- Mr. Quill emits soporific gas from his mouth; one of the few scenes that survive from this serial.

Cast
- Doctor Patrick Troughton – Second Doctor;
- Companions Frazer Hines – Jamie McCrimmon; Deborah Watling – Victoria Waterfield;
- Others Victor Maddern – Robson; Roy Spencer – Frank Harris; June Murphy – Maggie Harris; John Abineri – Van Lutyens; John Garvin – Carney; Hubert Rees – Chief Engineer; Graham Leaman – Price; Richard Mayes – Chief Baxter; Margaret John – Megan Jones; Brian Cullingford – Perkins; Bill Burridge – Mr Quill; John Gill – Mr Oak; Peter Ducrow – Guard;

Production
- Directed by: Hugh David
- Written by: Victor Pemberton
- Script editor: Derrick Sherwin
- Produced by: Peter Bryant
- Executive producer: None
- Music by: Dudley Simpson
- Production code: RR
- Series: Season 5
- Running time: 6 episodes, 25 minutes each
- Episode(s) missing: All episodes
- First broadcast: 16 March 1968
- Last broadcast: 20 April 1968

Chronology
| ← Preceded by The Web of Fear | Followed by → The Wheel in Space |

= Fury from the Deep =

Fury from the Deep is the completely missing sixth serial of the fifth season in the British science fiction television series Doctor Who, which originally aired in six weekly parts from 16 March to 20 April 1968. Loosely based on the 1965 radio serial The Slide by writer Victor Pemberton, this story marks Deborah Watling's last regular appearance as Victoria Waterfield and the first appearance of the sonic screwdriver.

In this serial, the Doctor (Patrick Troughton) and his travelling companions Jamie McCrimmon (Frazer Hines) and Victoria Waterfield (Watling) arrive at a Euro Sea Gas refinery off the coast of contemporary England, where an infectious weed spreads rapidly, infecting and controlling the minds of anyone who comes into contact with it, including the refinery leader Robson (Victor Maddern).

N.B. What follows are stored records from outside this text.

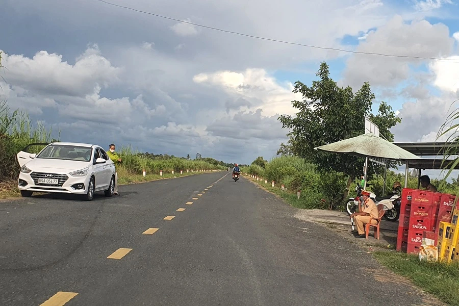 Một chốt kiểm soát dịch bệnh trên đường về Sông Đốc hôm 22-8-2021. Ảnh: TRẦN VŨ
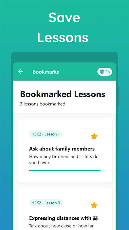 ทุกบทเรียนอธิบายอย่างง่ายดายด้วยตัวอย่างประโยคภาษาจีนและพินอิน เข้าถึงบทเรียนทั้งหมดได้โดยไม่มีโฆษณา ไม่ต้องลงทะเบียน และออฟไลน์
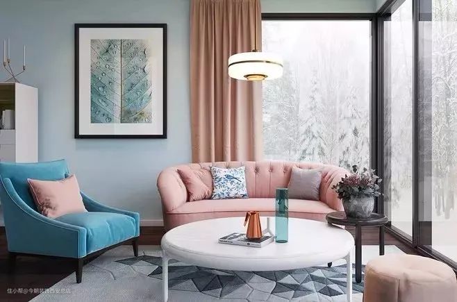 布置建议:不要把一套半沙发,或方圆其他形状的沙发摆在一起。看起来可能像婚外情。即使是混搭,材料和形状也最好不要有太大的差异。
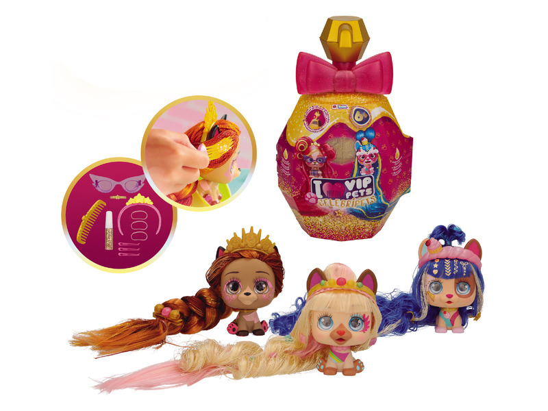 Itt jönnek a valaha volt legelbűvölőbb VIP Pets-ek, a CELEBRIPETS kisállat figurák! A legdivatosabb házi kedvencek gyönyörű hajjal, és most már igazi hírességeknek tűnnek. Exkluzív, arany színű samponos flakonban kaphatók, amely elrejti ezeket az ultrahíres karaktereket. Töltsd fel a sampon adagolót és lassan leplezd le, melyik VIP Celebripets rejtőzik benne!
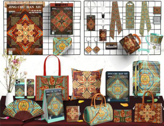 文创产品是通过对传统文化的创意转化,而诞生的具有文化价值和市场价值的高附加值产品。对汉绣文化的传承与发展具有极其重要的意义。通过文创产品把纹绣纹样进行创意设计,不仅可以提高汉绣纹样的经济价值,而且能进一步弘扬荆楚汉绣文化。汉绣文化是中国珍贵的非物质文化遗产,蕴含了大量对美好生活的祝福寓意。把汉绣纹样运用到现代文创产品设计中,可以为文创产品注入了更丰富的精神内涵和故事性。在文创品类中形成属于汉绣文化的独特性。以此来满足更多消费者追求个性化的生活需求,提供更多的情绪价值。汉绣文化作为具有特色楚文化的视觉符号,能在众多商品中产生一定的差异化效果,在差异化加持下,能增强产品成为文创爆款的可能性。在经济快速发展的今天,文创产品已成为一条行之有效的传承保护途径,也成为了连接传统文化与现代生活的重要纽带,使两千多年前传承下来的汉绣文化走入现代生活。为传统汉绣文化创造了新的传承和保护路径。
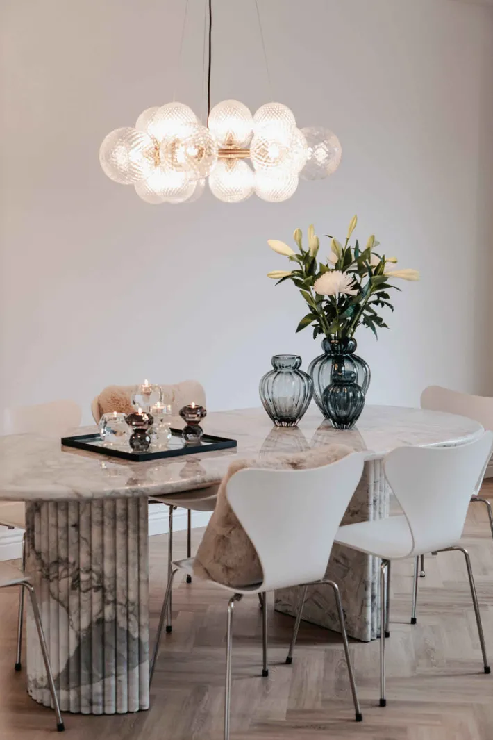 Hver Audrey vase er produceret og mundblæst i Europa. Dette betyder at, hver vase er unik og luftbobler og andre ufuldkommenheder er en del af produktionen, som vi elsker og beundre. Den mundblæste teknik er et gammelt håndværk, der er gået videre i generationer. Vi omfavner den unikke proces og arbejder tæt sammen med vores produktion, for at kombinere vores moderne designs med deres traditionelle færdigheder.
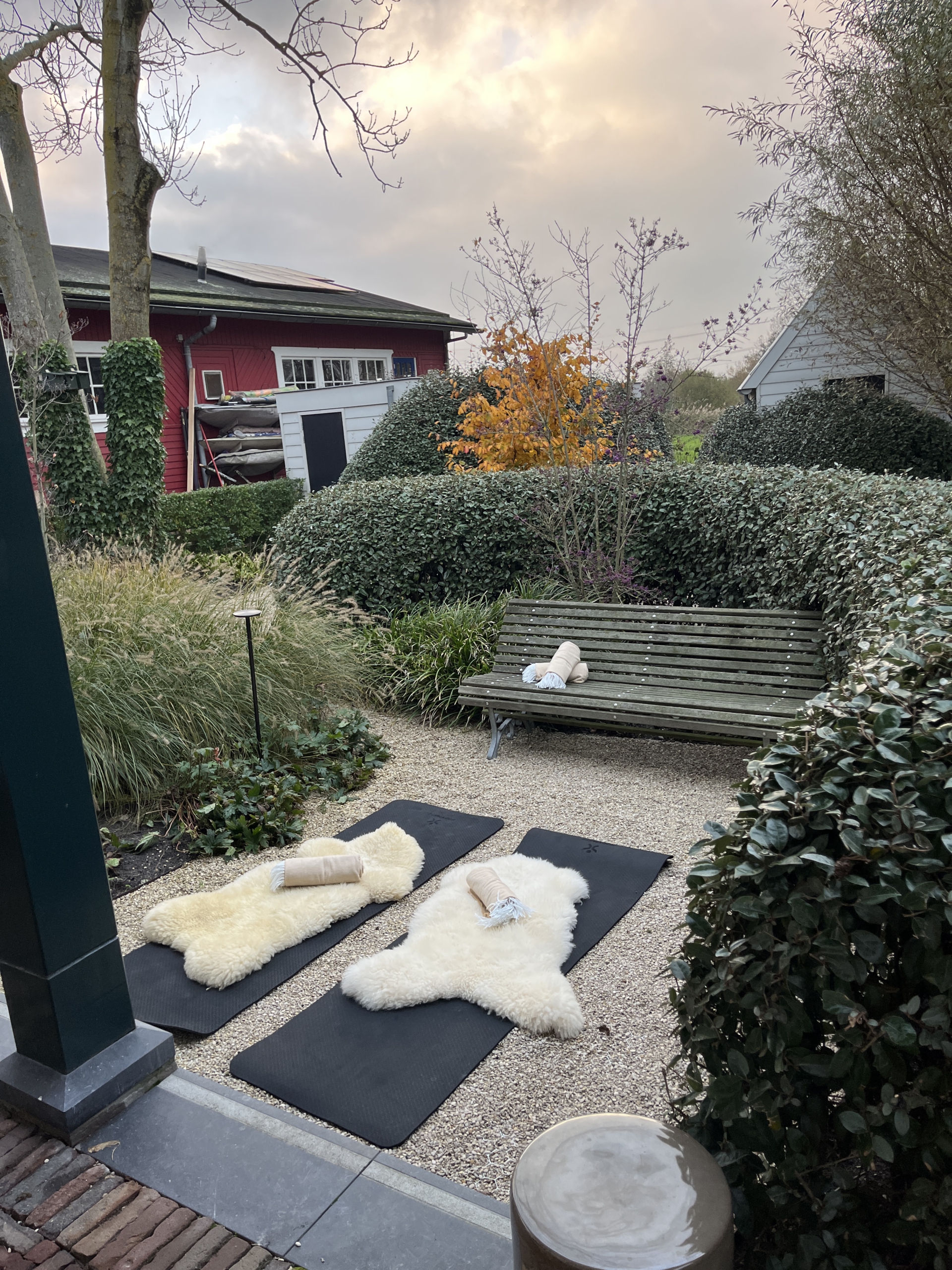 Naast mijn bedrijfstrainingen en meditatie avonden was ik recentelijk op een woonboot in hartje centrum en vandaag te gast bij een hotel waar een koppel een privé sessie geboekt had. Het werd een knusse outdoor sessie met de geluiden van de vogels op de achtergrond.
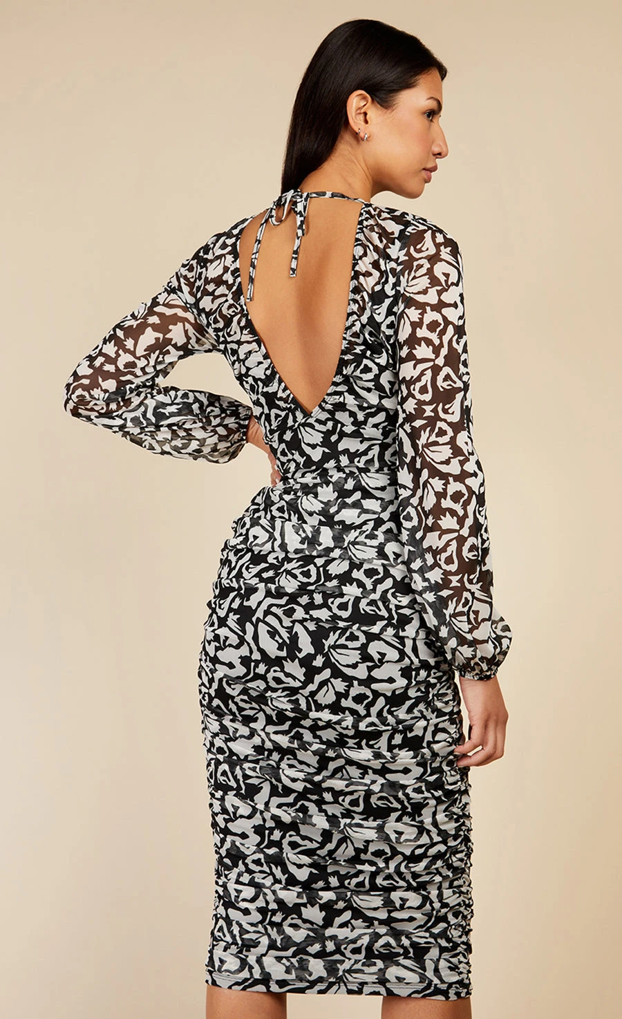 Little Mistress Monochrome Printed Mesh Midi Bodycon Dress
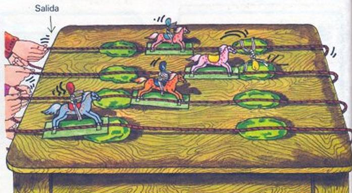 Cómo se juega: se trata de hacer correr a tu caballo de un extremo a otro de la mesa sin que el jockey se caiga. Los caballos deberán pasar sobre los obstáculos que encuentren en el camino y todo jugador cuyo jockey se caiga, volverá otra vez al principio. Para empezar, coloca los jockeys sobre las sillas y los caballos en la línea de salida. Colócate en el extremo de la mesa y tira hacia ti de la cuerda que está debajo. El primer jugador que llegue con jockey y caballo juntos a la meta será el ganador.
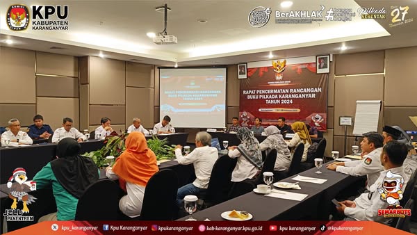 Demikian disampaikan Ketua KPU Karanganyar, Daryono dalam rapat pencermatan buku yang akan diberi judul Sabda Kawula : Risalah Penyelenggaraan Pilkada Serentak 2024 Kabupaten Karanganyar.

Although it received mixed reviews from contemporary critics, Fury from the Deep has been positively re-evaluated as one of the scariest stories in Doctor Who's history. Every episode of the serial was destroyed by the BBC in 1974 due to archival policy, though small clips and the complete audio soundtrack exists. It was the last serial to have its videotapes wiped. In September 2020, BBC Studios released an animated reconstruction using the original audio, animated by Big Finish Creative.

==Plot==

The Second Doctor, Jamie and Victoria land on the eastern coast of England, where they discover a heartbeat emitting from a gas pipe. The three are captured by Robson, a ruthless gas refiner who heads a pumping operation with a network of rigs spanning the North Sea. Robson is unnerved by the loss of contact with one of his rigs; the Doctor proposes there is a creature in the pipes and they should be allowed to investigate, but Robson has his second in command, Harris, lock them up.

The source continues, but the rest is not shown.